Resource depletion has long been a major worry and a rallying cry for the technological search and development of renewable and more sustainable sources for energy and materials.

Julian Simon pointed out that the availability of a ‘finite’ natural resource is defined not merely by its quantity but also by the technologies and innovations used to retrieve it. Thus, human ingenuity is an inextricable part of a natural resource. Availability is also determined by market economics. Technology and innovation virtually always move toward greater resource availability (except possibly in cases where technology is regulated due to environmental and/or safety effects). Market economics fluctuate according to momentary and regional supply and demand. Thus we have the categories of: resource in-place, technically recoverable resources, and economically recoverable resources.
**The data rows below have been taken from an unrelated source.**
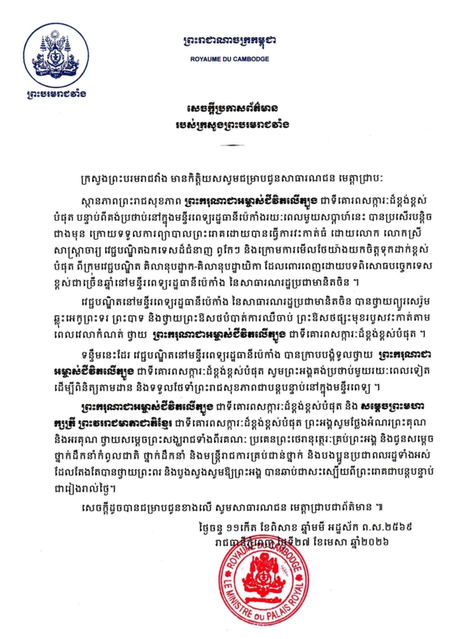 สำนักพระราชวังกัมพูชา ออกแถลงการณ์ เมื่อวันที่ 27 เมษายน 2569 ระบุว่า พระพลานามัยของ พระบาทสมเด็จพระนโรดม สีหมุนี กษัตริย์แห่งกัมพูชา หลังจากประทับในโรงพยาบาลปักกิ่งแคปิตอลเป็นเวลาหนึ่งสัปดาห์ ทรงดีขึ้นเล็กน้อย หลังจากทรงได้รับการรักษาพระอาการประชวรด้วยการผ่าตัดใหญ่โดยแพทย์ผู้เชี่ยวชาญและมีประสบการณ์สูง และได้รับการดูแลอย่างดีที่สุดจากทีมพยาบาลที่มีประสบการณ์และทักษะทางเทคนิคสูง ณ โรงพยาบาลปักกิ่งแคปิตอล แห่งสาธารณรัฐประชาชนจีน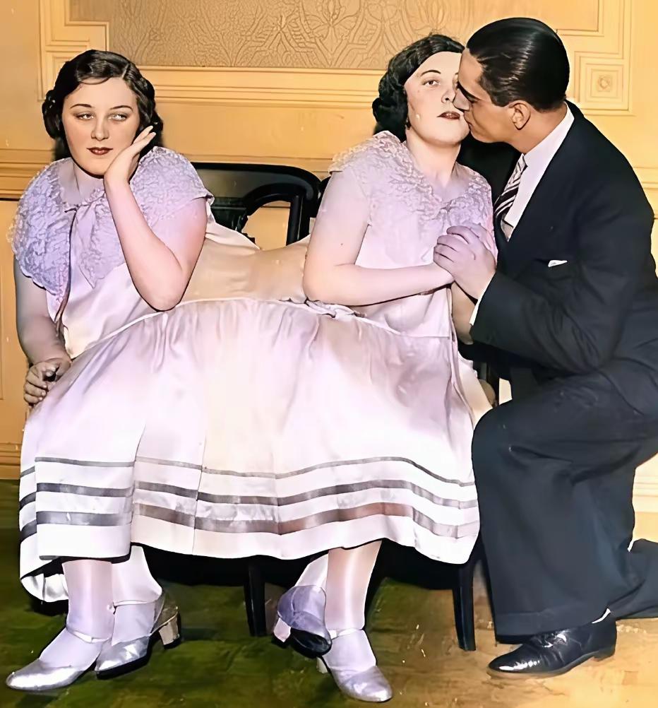 上世纪四十年代的美国一对连体姐妹。多么好的分离条件,两姐妹没有做手术。两人同生共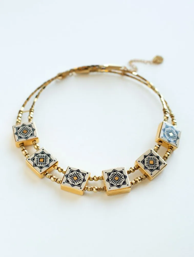 Золоте тло додає тепла й шляхетності, а контрастний розпис підкреслює характер прикраси — стриманий, впевнений, сучасний. Цей чокер — для жінки, яка любить структуру, символи й зміст. Для тієї, що носить не просто прикрасу, а знак внутрішнього світла.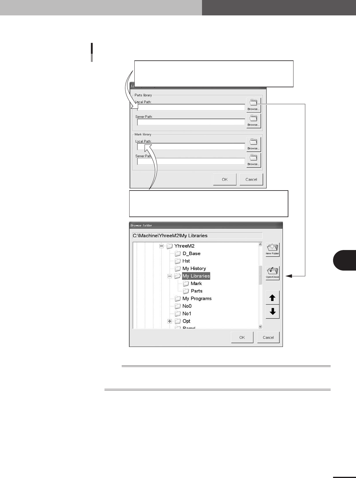 The following is an example for setting the library in the machine or on a PC connected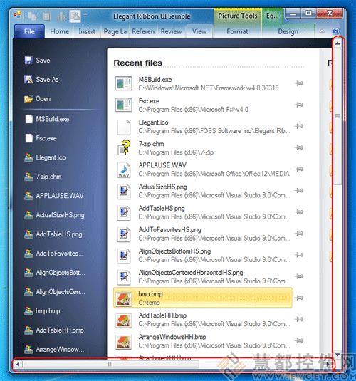 目前,Elegant Ribbon 控件已经正式发布v3.8,新版本提供了许多新特征,例如,导航栏, 面板 和BackstageView 控件现支持滚动功能,新增三个Office 2010主题和多款新控件,改进导航功能等等,更能够满足用户的要求。

Resource in-place changes with new discoveries. Technically recoverable resources change typically toward more availability. Economically recoverable resources fluctuate according to market conditions. One might also add “practically recoverable resources.” This would put off limits a certain amount of known reserves due to practical considerations: potential negative environmental and safety effects often being the big factor there. One current example of resources currently impractical to develop is the large natural gas reserves in the Marcellus Shale, the Utica Shale, and the Burket/Geneseo Shale under the city of Pittsburgh in Alleghany County, Pennsylvania – estimated at an impressive 15 TCF – more than many entire countries. While there may be some development of that resource in a few areas it is unlikely on a large scale due to environmental/safety considerations and multiple land/minerals ownership issues that would be nearly impossible to untangle and get agreement. There is also a drilling moratorium in the city that is unlikely to change.
Energy resources, particularly fossil energy resources, are burned and once burned are gone. One recent possible future exception to that may be current attempts to economically make ethanol from CO2 exhaust. Many material resources are recyclable so their usage may be extended and their depletion be delayed. Both exploration and new technologies can increase recoverable reserves of energy and materials.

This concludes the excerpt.